The hardest thing I learnt from the other day was that I’m in a sport that I don’t feel protected in. Yes we go into the hills of our own free will and yes we should know how to look after ourselves and accept the consequences of our actions. I don’t know that if I was to have an accident like that or worse whether someone would stop for me? That’s the hardest lesson.

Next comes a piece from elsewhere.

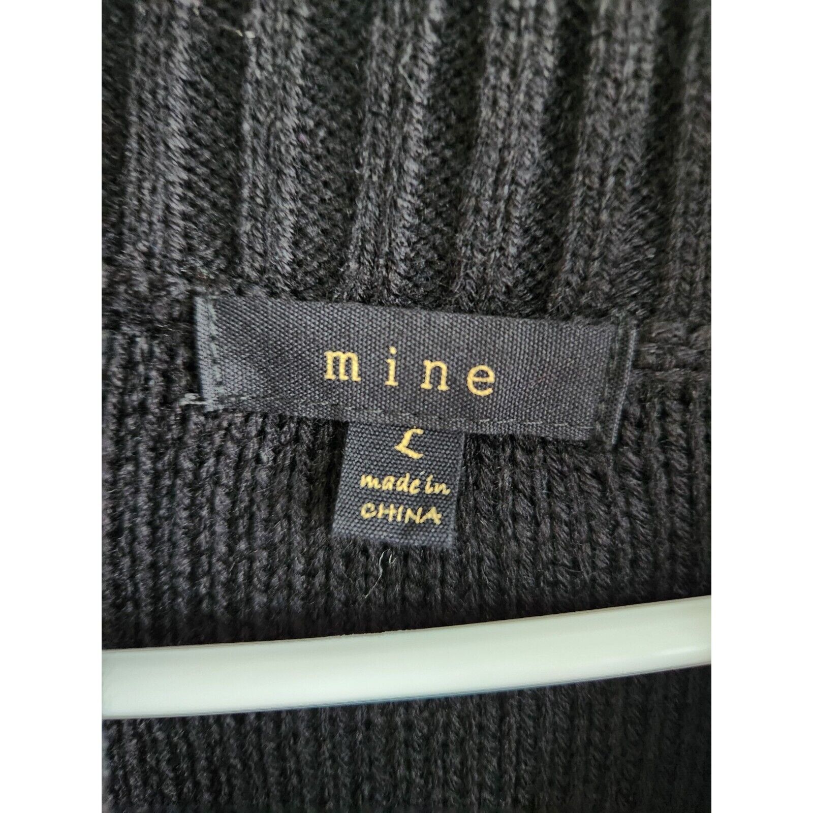 Mine Womens Sz L Cowl Neck Sweater Dress Short Sleeve Cable Knit Black

There’s a quote from that legend Billy Bland in the book ‘Feet in the Clouds’ (you might have heard of it?!), when describing a duel with John Wild during the Borrowdale race, that goes….”he were sitting on me all way round, and coming up Gable he were still with us. I was beginning to get concerned. I thought, ‘If I can’t get rid of him off Gable, it’s a bit kinder ground after that, he’ll beat me.’ Anyway, for last quarter of Gable I think he was suffering a bit, but he stuck to us – he was hard as nails, was John; I was soft next to him. Then we left Gable, and I put on a spurt, and he fell on a stone, a few hundred yards off Gable, heading for Windy Gap. I just shouted, ‘Are you alright, John?’ ‘Aye.’ Anyway, it were misty as well, so I thought: ‘This is my kind of weather – down into Windy Gap and away.’ John ended up down in Gatescarth, because he lost his guide. It was a big kick to beat him, because he was a lot better runner than me. But some days you get your reward. But if he’d have said ‘No’, I’d have turned round.”

Now then….the route change. Lets not for one minute add these two issues, “cause and effect”, together to get some spurious ‘5’…..that would be cheap and dumb. I don’t really even need to labour the point as it is. The route was changed and folk got an experience that they hadn’t signed up for/paid for. Big deal. I didn’t hear any rumblings of discontent. People got on with it. Correct attitude in response to the correct decision. So the weather wasn’t quite as biblical as predicted but if it had been then whoopsie daisies! It could have been a busier day for Mountain Rescue. Nuff sed. 

Told you there weren’t that many pictures. Sorrrrr-weeee.